Harnessing AI To Enhance Judicial Transparency

PDF version: Harnessing AI To Enhance Judicial Transparency.
Published: September 2024.

This factsheet introduces a new method for enhancing judicial transparency using large language models (LLMs) to analyze judicial texts. By converting appellate decisions into data, this method identifies complex legal issues and their outcomes, offering valuable insights for policymakers and the public.

Our previous work demonstrated the significance of such judicial data when reports we produced with algorithmic methods fueled several campaigns calling for judicial accountability in New York.

This factsheet explains how LLM-powered analysis can further accelerate data development to enhance judicial transparency.
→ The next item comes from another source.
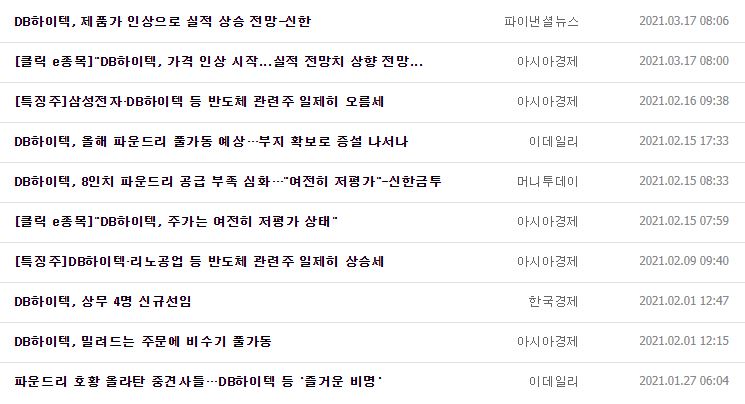 E트렌드에서 소개한 DB하이텍도 파운드리 관련된 이슈로 수혜를 볼 것으로 소개했었습니다.

We have documented our development process and methodology in greater detail internally and would be happy to collaborate with researchers or organizations interested in conducting their own LLM-based analysis to enhance judicial transparency.

Appellate Decisions Can Be Used as Data to Evaluate the Judiciary

Over the past year, Scrutinize has developed a novel approach to judicial transparency by using algorithms to extract quantitative metrics from appellate court decisions. This method transforms legal texts into structured, analyzable datasets, enabling researchers to quantify judicial practices across multiple levels—from individual judges to entire court systems.

This hybrid approach has successfully classified key outcomes in appellate decisions, as shown in our previous reports, Excessive Sentencers and Reverse and Reassign.

Algorithmic Analysis Is Constrained for Complex, Context-Specific Classification

Our recent report, Unprotected, on judicial errors in protecting constitutional rights revealed a constraint in our analysis method. The report required identifying appellate decisions that overturned lower court rulings specifically due to suppression errors. Our algorithm could identify appellate decisions that reversed lower courts and discussed suppression, but it could not reliably determine if suppression was the cause of the reversal due to the lack of uniform signaling language.

As a result, we manually classified over 1,000 decisions, a labor-intensive process that required carefully reading lengthy and complex legal texts.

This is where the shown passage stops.